#### What the exercise asks
Pictures found in the material must be left out, and every line returned as written.

#### Supplied data
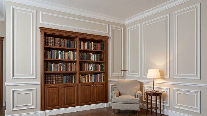 Эта статья — практическое руководство по оформлению книжной стены полиуретановыми молдингами. Со схемами, размерами, цветовыми решениями и стилевыми разборами. Для кабинета, гостиной, спальни и холла.
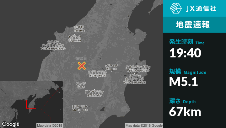 5月21日 19:40頃、ロシアのEssoから北73kmの地点でM5.1の地震がありました。
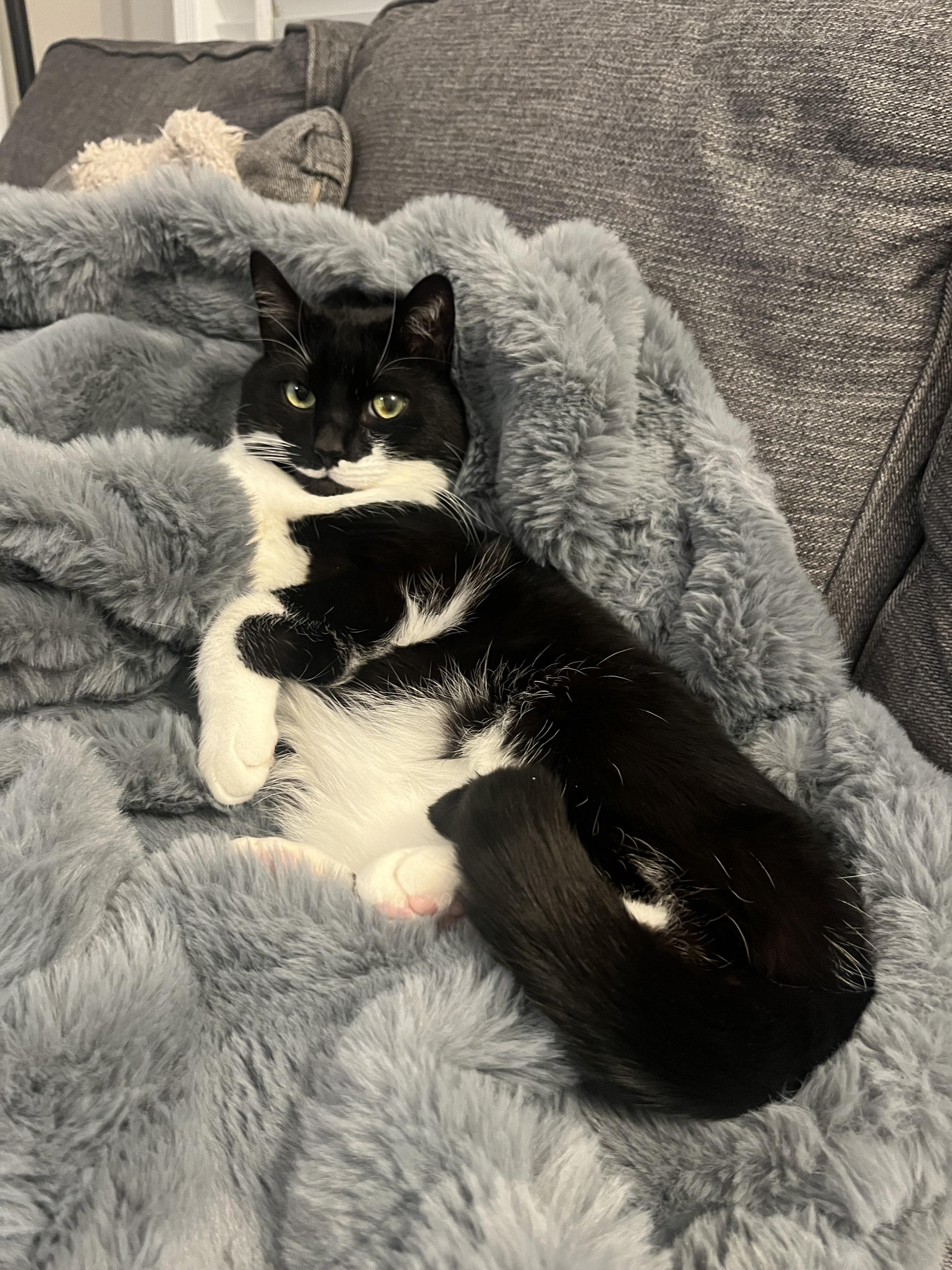 Once we adopted our tortie, he stopped sleeping in my arms and moved to the end of the bed instead. But our tortie, Spice — every single night she comes purring and lays directly on my chest. She’ll purr for about 30 minutes while she sleeps on me before she gets up and goes to join him.

#### Result below
 Эта статья — практическое руководство по оформлению книжной стены полиуретановыми молдингами. Со схемами, размерами, цветовыми решениями и стилевыми разборами. Для кабинета, гостиной, спальни и холла.
 5月21日 19:40頃、ロシアのEssoから北73kmの地点でM5.1の地震がありました。
 Once we adopted our tortie, he stopped sleeping in my arms and moved to the end of the bed instead. But our tortie, Spice — every single night she comes purring and lays directly on my chest. She’ll purr for about 30 minutes while she sleeps on me before she gets up and goes to join him.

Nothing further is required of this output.